I would probably say he's using the viagra for something and someone  

His 'nights away for work' could easily be nights away with another woman. 

 I can't even imagine what you are going through. I would be so panicked. But better to ask and get it out than ignore it and have it eat away at you and the marriage. Either way, your marriage will never be the same again.


----------



## that_girl (Jul 6, 2011)

OR he gets it filled to sell it.

Just another possibility. I dunno.

Just bring it up to him..."Hey, what's this? I found it next to the laptop...I'm confused..."


----------



## Zanna (May 10, 2012)

I would put a keylogger on his computer or a VAR in his car and get more evidence before confronting.

He will deny it if he is having an affair. You need proof first.


----------



## Acabado (May 13, 2012)

Not enough evidence.
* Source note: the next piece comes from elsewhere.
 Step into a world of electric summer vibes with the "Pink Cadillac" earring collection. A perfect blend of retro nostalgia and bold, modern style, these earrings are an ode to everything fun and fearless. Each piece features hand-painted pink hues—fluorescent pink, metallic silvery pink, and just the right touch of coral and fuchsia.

Start snooping, fake it for a while.


----------



## Caribbean Man (Jun 3, 2012)

Check the internet history on his laptop.
See if he's into porn. 
That might be the problem. 
He just might be using it to get hard enough to masturbate to porn.

If not then check his phone and/email before you " confront " him.


----------



## AngryandUsed (Jun 23, 2011)

Do not confront until you have irrefutable evidences.
If you can afford, a PI would do good.
Start snooping his cell phone details, internet history etc.

Act normal now.


----------